The operation mode of the most reported SAWH devices is quite simple—single water capture-release cycle in a diurnal cycle, resulting in the inefficient water production, largely because of the apparent mismatch between the sorption and desorption dynamics. Such an operation strategy leads to inefficient utilization of solar energy and consequently lowers the corresponding water yield per 24 h due to the fast desorption rate with a depleted source of sorbed water (Supplementary Fig. 28a). Many research studies attempted to solve this mismatch by semi-continuous or continuous AWH cycles, but this means that the water capture cycles have to take place during the daytime at low RH environments (Supplementary Fig. 28b)23,25,33. However, the high RH brought in the nighttime due to diurnal air temperature variation in the semi-arid climates, is more beneficial for the water sorption. To bridge this gap, a distinctive operation strategy, in which the multiple pieces of sorbents are simultaneously exposed to the ambient with high RH in the nighttime to absorb water vapor, then batch-processed alternately for water release during the daytime, is proposed to make full use of both the nighttime high RH environment and maintain high desorption rates throughout the day (Fig. 4a). In practical device operation, this operation strategy requires the portability, adaptability, and stability of both hygroscopic materials and water harvesters. The lightweight sorbent Li-SHC produced with low-cost and sustainable raw materials, facile and easily scaled-up fabrication procedures show excellent water sorption performance, adaptability, and stability, which allows fast deployment into practical applications (Supplementary Information Section 6). Additionally, the portable and cheap water harvester can be easily disassembled, re-assembled, and carried by a person. These features make it possible to realize ultra-high freshwater production yield in a diurnal cycle in real arid scenarios.

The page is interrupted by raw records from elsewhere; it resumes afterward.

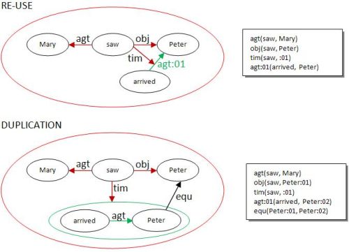 In the first case, the node "Peter" is the argument of two different relations: obj, in the main scope (00); and agt, in the scope 01. This is possible because scopes refer to relations and not to nodes. In the second case, the node "Peter" has been duplicated, and the duplicates have been linked by the relation "equ". Semantically, both representations are possible and equally valid; in the UNL framework, however, we prefer to use the first (re-use) and leave the second for the cases where there can be circularity, such as in: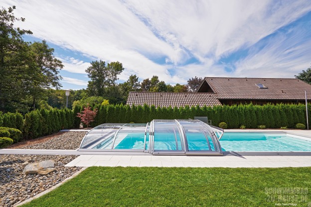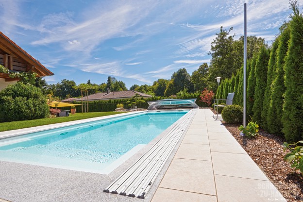 Sonne und Erholungsmöglichkeiten gibt es am Bodensee zur Genüge. Da fehlte den Bauherrn zum vollkommenen Glück eigentlich nur noch eines: ein eigener Pool in der geschützten Privatsphäre des heimischen Gartens und dies das ganze Jahr über. Dank Schiebehalle und Solar-Unterflurrollladen kann die Familie jetzt zu jeder Jahreszeit schwimmen.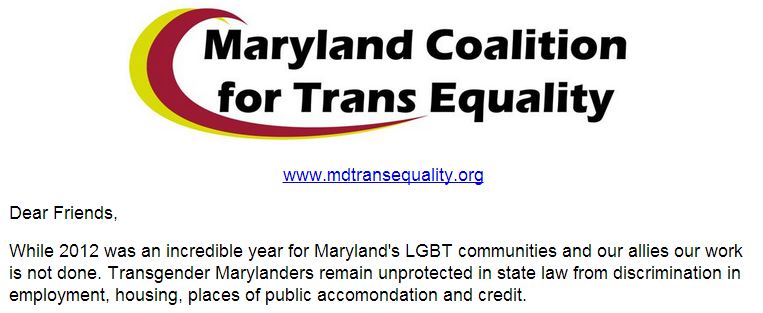 “While 2012 was an incredible year for Maryland’s LGBT communities and our allies our work is not done. Transgender Marylanders remain unprotected in state law from discrimination in employment, housing, places of public accomondation (sic) and credit.”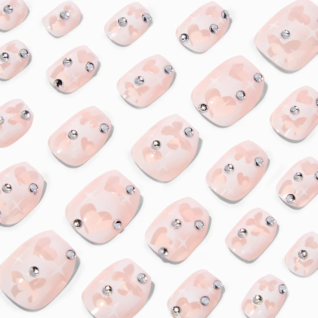 Airbrush Heart Coffin Press On Faux Nail Set - 24 Pack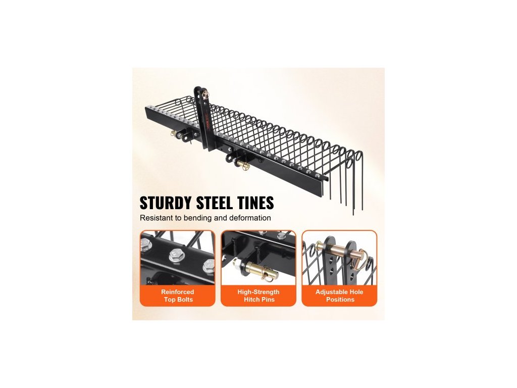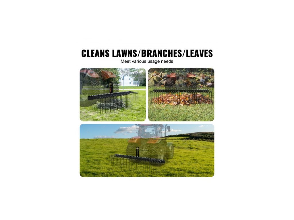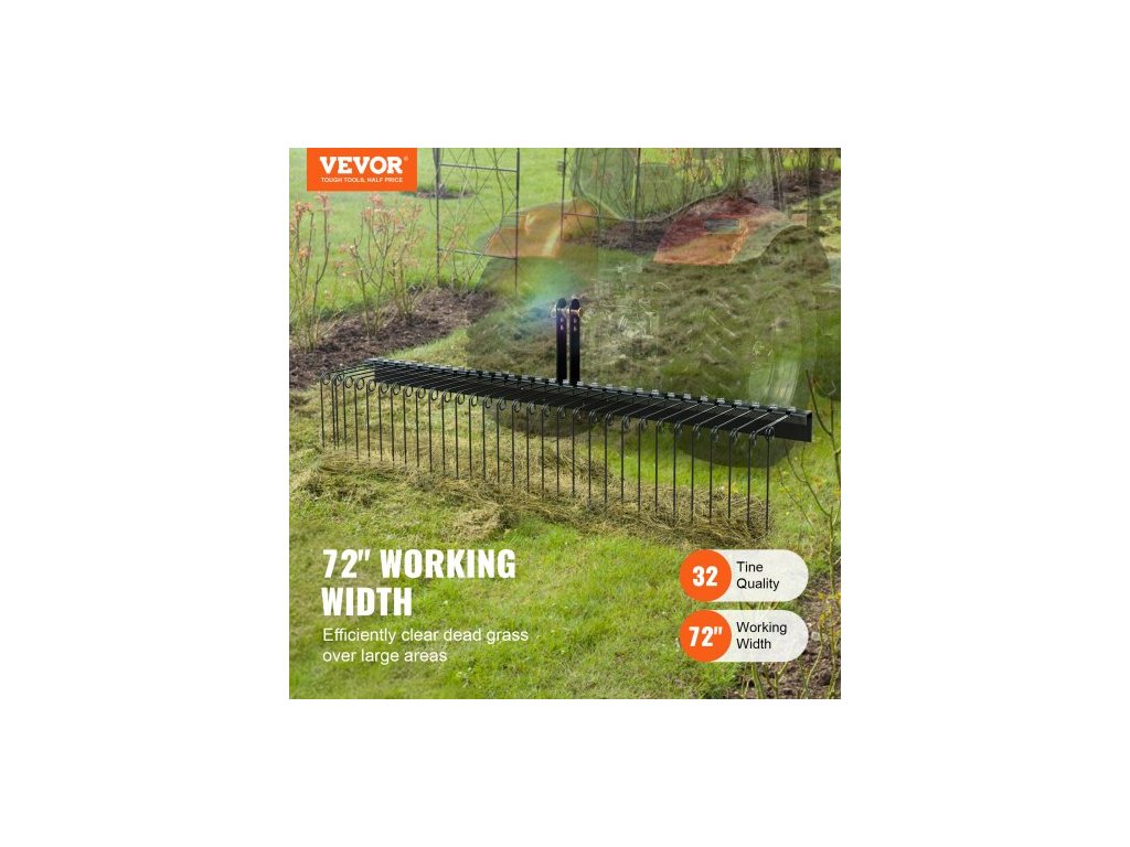Tažné hrábě na trávu 72"/183 cm, hrábě na odstraňování hlíny s 32 ocelovými hroty

Fig. 4: Water harvesting performance of the water harvester by applying the batch-processed alternating mode.
figure 4

a Schematic diagram of the proposed batch-processed alternating mode, showing the variation of water capture, release, and production in a single diurnal cycle. The eight pieces of sorbents are simultaneously exposed to the high RH ambient during the night, and consequent batch-operation desorption releases water vapor with freshwater production during the daytime. The white, blue, red, and yellow lines represent RH variation, water uptake, water release, and water production over the whole day, respectively. b Air temperature and RH variation within 24 h in the semi-arid region of Lanzhou, China. RH: relative humidity; c Temperature variations of the sorbent and device during eight desorption cycles including the heating stages and standby stages. d Mass of desorbed and collected water during each cycle, and its accumulated water. e Energy consumption during each desorption cycle. f Detected concentrations of the possible metal and ions in the collected water. All error bars represent SD.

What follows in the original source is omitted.